In 1951, the population of India was 357 million people. By 1981 it had grown to 984 million. If the population is growing exponentially, when (in what month of what year) will the population reach 1 billion people?

How do you know what month?

-Reiny

I think you are talking about this post

http://www.jiskha.com/display.cgi?id=1283104183

the answer was 30.477 years
which means 30 years + .477 of the next year
so I multiplied .477x12 (12 months)
to get 5.7 months
So for 5 months the 1 Billion has not been reached and we need the 6th month.

jan = 1
feb = 2
..
may = 5
june = 6

I just reposted this again a couple seconds ago. Didn't see you helped me with this. Thanks for you help...

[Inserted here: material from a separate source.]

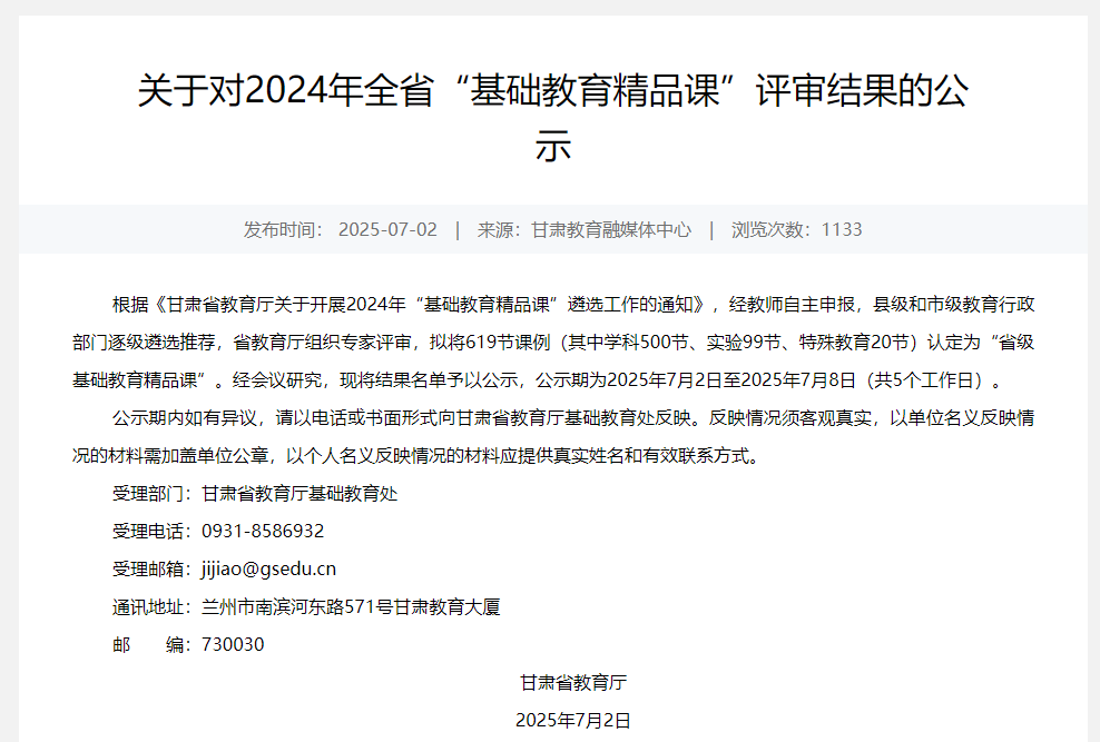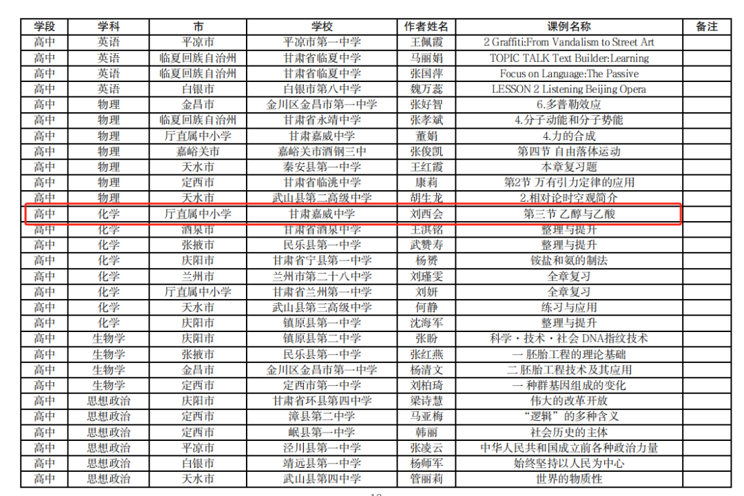 在2024年甘肃省“基础教育精品课”遴选活动中,我校董娟老师的课例《力的合成》、刘西会老师的课例《乙醇与乙酸》入围“省级精品课”。

To find out when the population of India will reach 1 billion people, we need to use exponential growth. The equation for exponential growth is given by:

P = P0 * (1 + r)^t

where:
P is the final population
P0 is the initial population
r is the growth rate
t is the time period

In this case, the initial population P0 is 357 million, the final population P is 1 billion (which is equivalent to 1000 million), and we need to find the value of t (time period) when the population reaches 1 billion.

To find the growth rate (r), we can use the formula:

r = (P/P0)^(1/t) - 1

Substituting the given values:

r = (1000/357)^(1/t) - 1

Now, we can solve this equation to find the value of t.

To do this, we can use logarithms. Taking the natural logarithm (ln) of both sides of the equation, we get:

ln(r + 1) = (1/t) * ln(1000/357)

Now, let's calculate the value of t using the logarithmic equation:

t = ln(1000/357) / ln(r + 1)

Once we have the value of t, we need to calculate the number of years from 1981 (the given year) to the year when the population reaches 1 billion. Finally, we can determine the exact month when the population will reach 1 billion by adding the calculated number of years to 1981.